*Material provided*
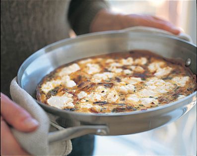 In a heavy 10-inch (25-cm) ovenproof frying pan over medium heat, warm the oil. Add the onion and sauté until golden, 5–6 minutes. Add the red pep
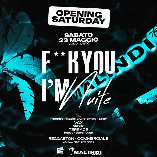 Saturday Night al Malindi Biky Beach 23 maggio 2026. Ticket Tavoli
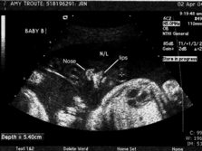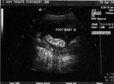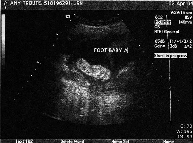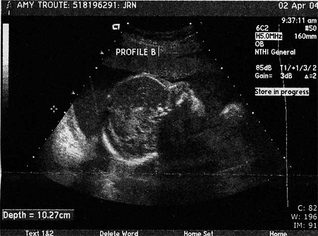 | Troute Twins Update! We had another ultrasound (4-2-04) – this one only lasted an hour and the tech was SO much nicer and better than the last one. It was actually enjoyable!! The babies are doing GREAT – measuring at 26 weeks, 1 day and I’m “technically” only 25 weeks 4 days along (hey – every little bit counts, right?). Baby A is 2lbs 2oz and Baby B is an even 2lbs. :o) they’re kind of in “yin and yang” position now – so cool to finally get a visual on how they’re positioned. Baby A is still the more active of the two – it’s feet are right up at my right rib cage, head down by my bladder and Baby B’s head is just above my belly button and feet are down at my left hip. :o) I can’t stop smiling, can you tell!!? At one point we were able to get face-to-face with Baby B... It was yawning and touching its face cute little lips and nose and chin... I got all teary, Reese grabbed my hand what a moment!! Baby A was facing my back so we didnt get to see its face bummer! Stubborn little thing! Maybe well see its face at next months ultrasound were supposed to have one each month that remains... Yay! 33 week

*Assignment*
Quote each line of the listing exactly, but leave the pictures out.

*Written response*
 In a heavy 10-inch (25-cm) ovenproof frying pan over medium heat, warm the oil. Add the onion and sauté until golden, 5–6 minutes. Add the red pep
 Saturday Night al Malindi Biky Beach 23 maggio 2026. Ticket Tavoli
 | Troute Twins Update! We had another ultrasound (4-2-04) – this one only lasted an hour and the tech was SO much nicer and better than the last one. It was actually enjoyable!! The babies are doing GREAT – measuring at 26 weeks, 1 day and I’m “technically” only 25 weeks 4 days along (hey – every little bit counts, right?). Baby A is 2lbs 2oz and Baby B is an even 2lbs. :o) they’re kind of in “yin and yang” position now – so cool to finally get a visual on how they’re positioned. Baby A is still the more active of the two – it’s feet are right up at my right rib cage, head down by my bladder and Baby B’s head is just above my belly button and feet are down at my left hip. :o) I can’t stop smiling, can you tell!!? At one point we were able to get face-to-face with Baby B... It was yawning and touching its face cute little lips and nose and chin... I got all teary, Reese grabbed my hand what a moment!! Baby A was facing my back so we didnt get to see its face bummer! Stubborn little thing! Maybe well see its face at next months ultrasound were supposed to have one each month that remains... Yay! 33 week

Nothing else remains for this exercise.